BRIEF:
With the images excluded, set down every line of the listing below exactly.

GIVEN INFORMATION:
'''
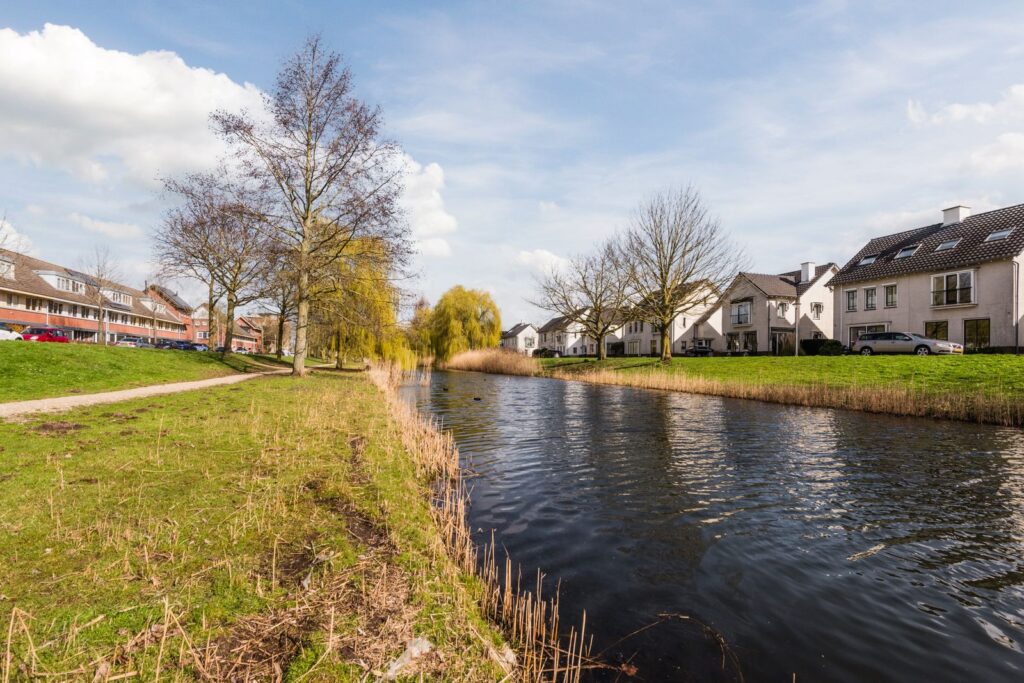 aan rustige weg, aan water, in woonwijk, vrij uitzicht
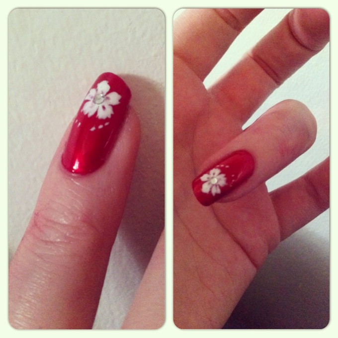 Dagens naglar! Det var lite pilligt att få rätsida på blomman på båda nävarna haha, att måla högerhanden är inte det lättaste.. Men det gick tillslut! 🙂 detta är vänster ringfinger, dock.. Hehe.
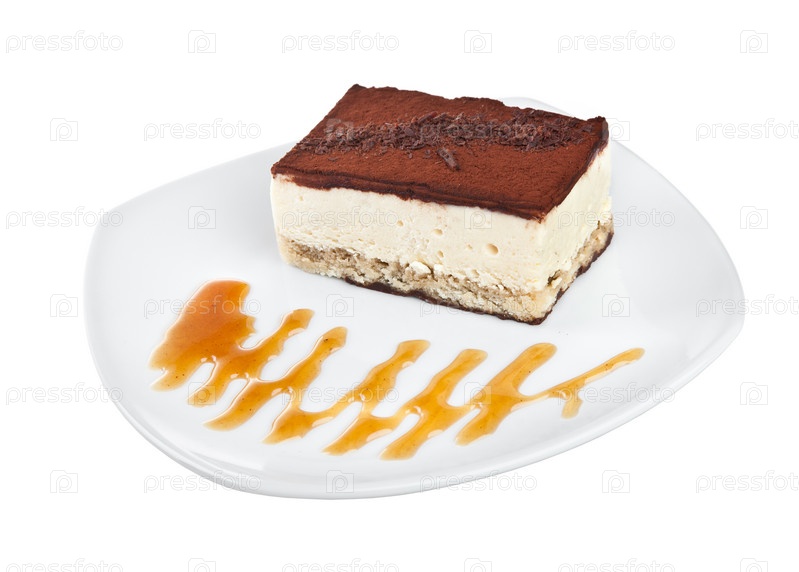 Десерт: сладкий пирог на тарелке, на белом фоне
'''
RESULT:
 aan rustige weg, aan water, in woonwijk, vrij uitzicht
 Dagens naglar! Det var lite pilligt att få rätsida på blomman på båda nävarna haha, att måla högerhanden är inte det lättaste.. Men det gick tillslut! 🙂 detta är vänster ringfinger, dock.. Hehe.
 Десерт: сладкий пирог на тарелке, на белом фоне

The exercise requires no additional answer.